The basic jist of the problem is summed up nicely in a Wall Street Journal article. In discussing the controversy, the author states that “it feeds into a broader, increasingly urgent discussion about libraries, where a growing number of patrons, used to Google and Yahoo, simply don’t look for books and information the way they used to.” As was the case with web design, in a complex system we must gather our information and adapt based on the environment.

As Bowker and Star pointed out in their book, Sorting things out: Classification and its consequences, classification works best when it is invisible. When classification starts to become visible you have a good indication that the classification system isn’t performing its job. That’s the problem here, Dewey (in this case, but it really could be any classification system common in libraries) doesn’t work for the average person because it doesn’t conform to our current mental models.
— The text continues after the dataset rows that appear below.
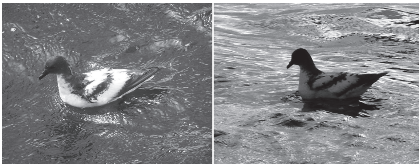
FIGURE 4: Leucistic Cape Petrels, Daption capense , recorded in Uruguay in 15 December 2005 (left) and 16 December 2007 (right).

There are several kinds of colour anomalies in birds, while in procellariiforms, cases of leucism, albinism and melanism have been recorded (Bried et al. 2005). Among the albatrosses these anomalies have been reported in at least five species: Wandering Diomedea exulans , Shy Thalassarche cauta , Laysan Phoebastria immutabilis , Black-footed Phoebastria nigripes and Light-mantled Phoebastria palpebrata Albatrosses (Fischer 1972, Lepschi 1990, Bried
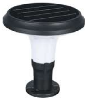
Solar Pillar Light
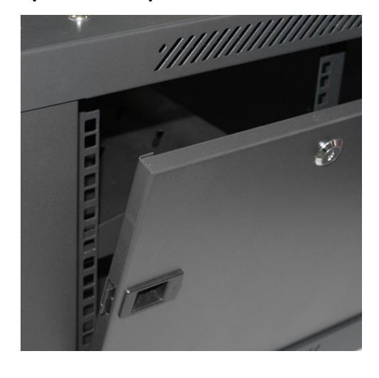
Removable Side Panels with optional side panel lock
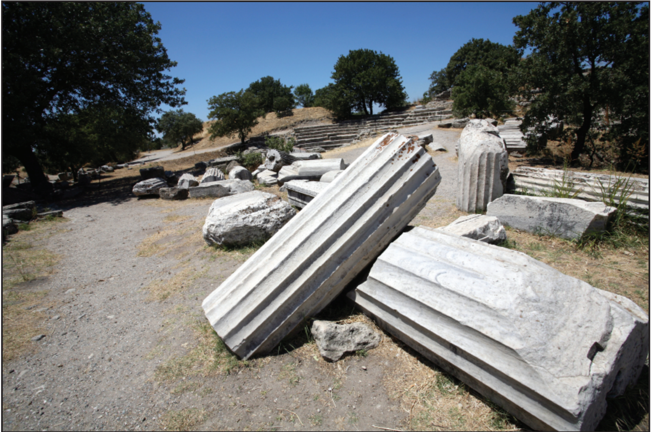
Ancient City of Troy, Çanakkale Province, TURKEY

It requires too much, “What does that mean?” or “Why is that?” processing to be viable for many uses. For example, why is computer science classified in the 004-006 range instead of the 500’s (sciences) where it really belongs? Why when I perform a subject heading search for “Social network research” do I find books scattered throughout the library in spots as disparate as 658.472 G562c, 305.80072 M297, and 300.72 A244?

Adaptation is one of the ways we continue to make systems work in a changing environment. An example of this is the organization of books at Northwestern University. Here we use Dewey (which is odd for an academic library to begin with) but we do not have books arranged in strict call numeric order. The Dewey ranges are combined based on very high-level topic areas (humanities, hard science, natural science, social science, etc.) in an effort to bring disparate areas in the classification system together to make more sense of the order for our patrons. Is it perfect? No, but it is does make discovery easier in many areas that have been “broken up” due to anomalies of Dewey.

Rather than castigating the folks in Gilbert, we should be trying to learn from their approach. It’s too bad the naysayers don’t get that.